Dementia is really just a descriptive term for a group of symptoms that can include difficulty with learning and retaining new information, finding words, handling cognitive tasks that used to be easy, finding your way in familiar places, and also managing social settings. Using the term dementia means that the cognitive loss represents a change, which often affects everyday living. 

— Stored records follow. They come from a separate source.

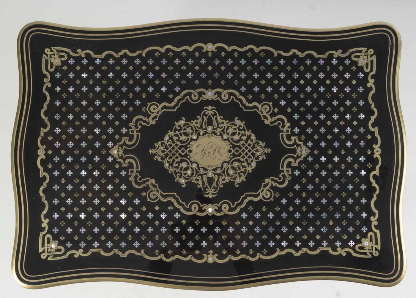 Le plateau supérieur, bordé d’un filet de laiton, présente en son centre un médaillon, encadré de réserves et monogrammé.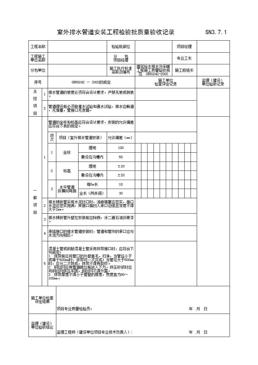 表格名称:SN3_7_1_ 室外排水管道安装工程检验批质量验收记录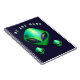 Cool fun note book with a printed image of 3/three green alien heads on a very dark blue background, with a caption/phrase which reads "WE ARE HERE"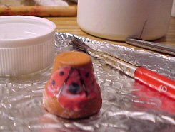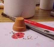 Here I was working on a ladybug flowerpot project. I cut the design from a piece of notepaper and glued it to the pot.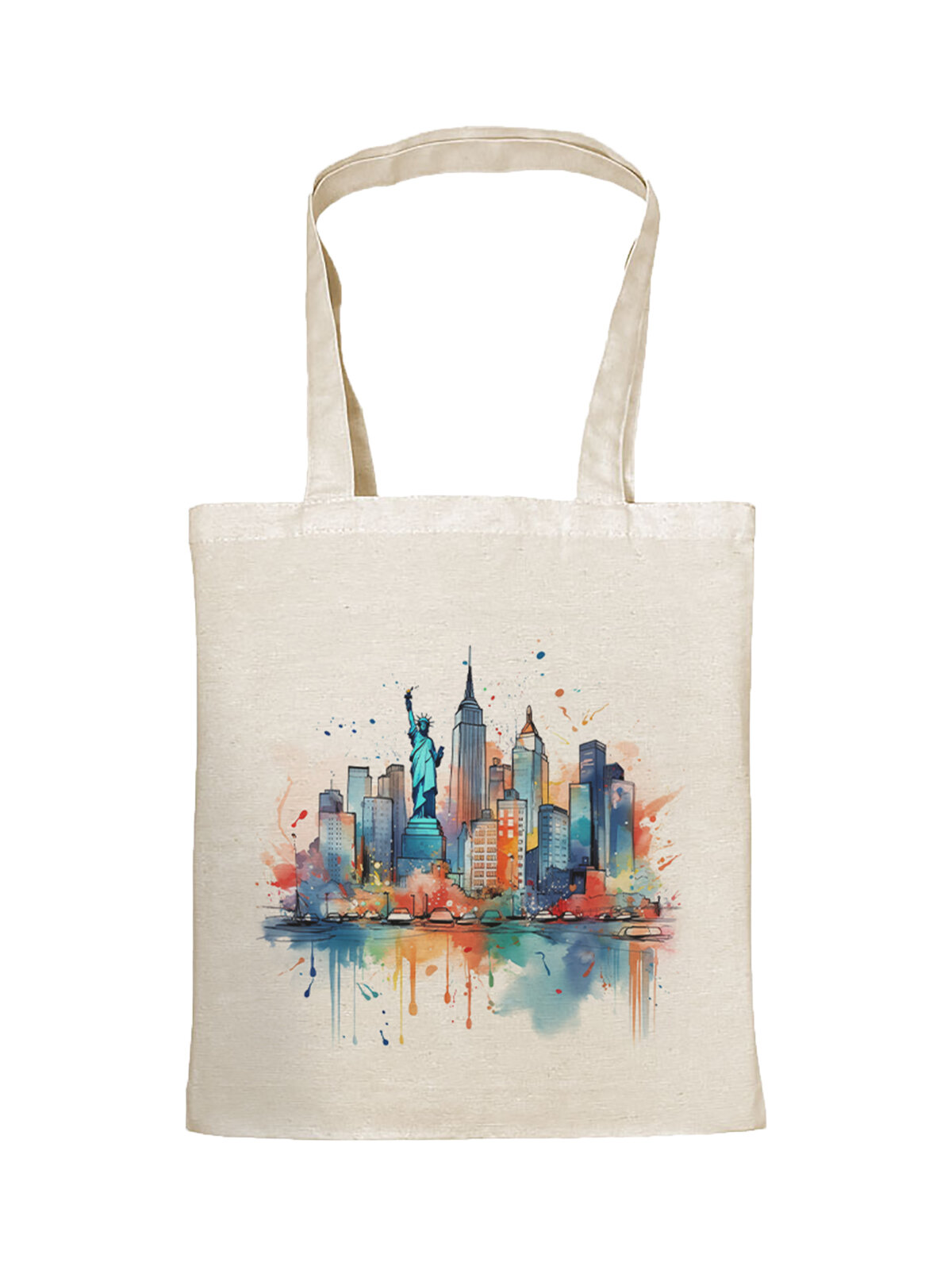 Сумка шоппер Gerasim шоппер с принтом "Улочка НьюЙорка", шопер авоська холщовая с рисунком в подарок, Silver

Common forgetfulness such as not being able to find your car keys, not remembering an acquaintance’s name, or difficulty finding a word does not in and of itself represent dementia. Generally, it is the spouse, family, or close friends who first notice changes. But before rushing to diagnose yourself or someone you know, please remember memory changes with some impairment are very common, with 35%–50% of individuals over age 85 affected.

Many causes

Having dementia symptoms does not mean someone has a progressive disease of the brain like Alzheimer’s disease. Dementia can be caused by medication side effects, alcohol, metabolic problems, thyroid or other hormone abnormalities, mood disorders such as depression, nutritional deficiencies (such as a lack of vitamin B12), infections, and reversible changes in the brain. Interestingly, patients with depression are more likely to complain of memory loss than those with dementia. Many of these causes can be effectively treated, so please seek medical attention if you notice changes in memory. I can describe countless examples in practice through the years where simply stopping a medication or treating low thyroid function or depression resulted in improved memory. 

If you are diagnosed with a nonreversible disease process such as Alzheimer’s, there are still things you can do to maintain and even improve your quality of life and reduce the burden on your loved ones. Next month, I will describe the steps you can take to address and manage dementia. In terms of prevention, the very best way to maintain cognitive function is to stay physically active and reduce risk of stroke by addressing cardiovascular risk factors such as smoking and high blood pressure. Regular physical activity has a multitude of benefits and can lift your mood, improve your strength, and provide opportunities for social interaction. 

Please remember that not all memory loss is dementia and not all dementia is Alzheimer’s. See your physician or medical provider to ease concerns and address issues.